Schriften
Mosiah 7


Hoofdstuk 7

Ammon ontdekt het land Lehi-Nephi, waar Limhi koning is — Limhi’s volk wordt geknecht door de Lamanieten — Limhi vertelt hun geschiedenis — Een profeet, Abinadi, had getuigd dat Christus de God en Vader van alle dingen is — Zij die vuilheid zaaien, oogsten de wervelwind, en zij die hun vertrouwen stellen in de Heer, worden bevrijd.

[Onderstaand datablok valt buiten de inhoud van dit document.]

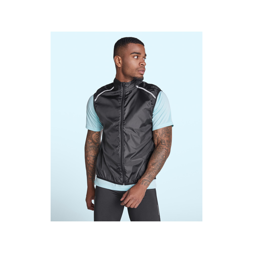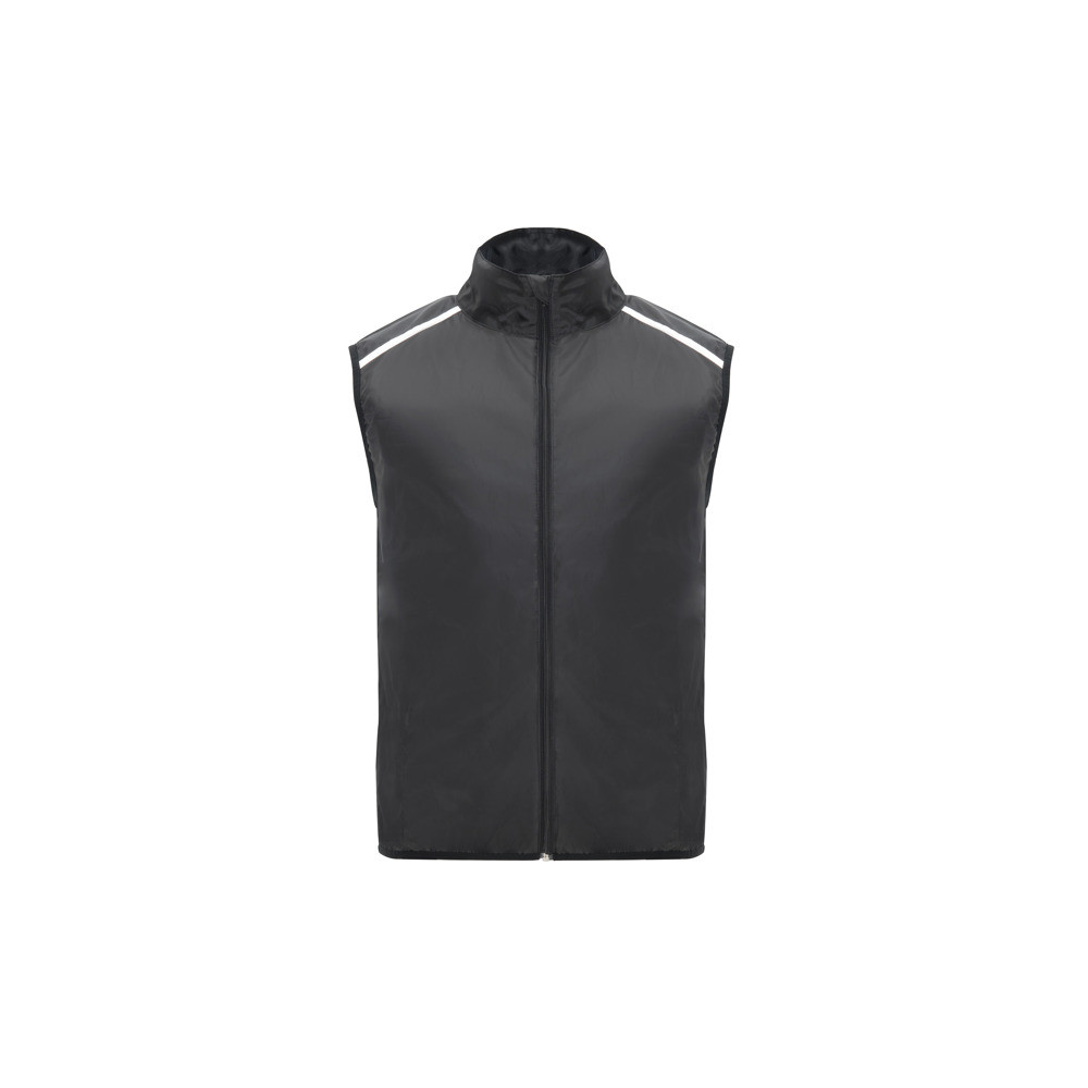 Gilet technique léger pour running.1.- Fermeture éclair ton sur ton, avec protection menton.2.- Bas et emmanchure avec liseré élastique. 3.-Bas du dos en tissu microperforé.4.- Détails réfléssichants en haut, face avant et arrière,5.- Poche avec élastique pour garder le gilet et le porter au poignet.

Ongeveer 121 v.C.

1 En nu geschiedde het, toen koning Mosiah drie jaar lang blijvende vrede had gehad, dat hij verlangde iets te weten van de mensen die waren opgetrokken om in het land Lehi-Nephi, of in de stad Lehi-Nephi, te wonen; want zijn volk had niets van hen gehoord sedert het tijdstip waarop zij uit het land Zarahemla waren vertrokken; daarom vermoeiden zij hem met hun aandringen.

2 En het geschiedde dat koning Mosiah toestond dat zestien van hun sterke mannen optrokken naar het land Lehi-Nephi om naar hun broeders navraag te doen.

3 En het geschiedde dat zij de volgende dag op weg gingen, vergezeld van ene Ammon, een sterk en machtig man en een afstammeling van Zarahemla; en hij was tevens hun leider.

4 En nu kenden zij de route niet die zij in de wildernis moesten volgen om naar het land Lehi-Nephi op te gaan; daarom dwaalden zij vele dagen in de wildernis rond, ja, veertig dagen lang dwaalden zij rond.

5 En toen zij veertig dagen lang hadden rondgedwaald, kwamen zij bij een heuvel die ten noorden van het land Shilom ligt, en daar sloegen zij hun tenten op.

6 En Ammon nam drie van zijn broeders — en hun namen waren Amaleki, Helem en Hem — en zij daalden af naar het land Nephi.

7 En zie, zij troffen de koning aan van het volk dat in het land Nephi en in het land Shilom woonde; en zij werden door de lijfwacht van de koning omsingeld en gegrepen en gebonden en in de gevangenis opgesloten.

8 En het geschiedde, toen zij twee dagen in de gevangenis hadden gezeten, dat zij wederom voor de koning werden gebracht, en hun banden werden losgemaakt; en zij stonden voor de koning, en hun werd toegestaan, of liever, geboden, de vragen te beantwoorden die hij hun zou stellen.

9 En hij zei tot hen: Zie, ik ben Limhi, de zoon van Noach, die de zoon van Zeniff was — die is opgetrokken uit het land Zarahemla om dit land erfelijk te bezitten, dat het land van hun vaderen was — die tot koning werd uitgeroepen door de stem van het volk.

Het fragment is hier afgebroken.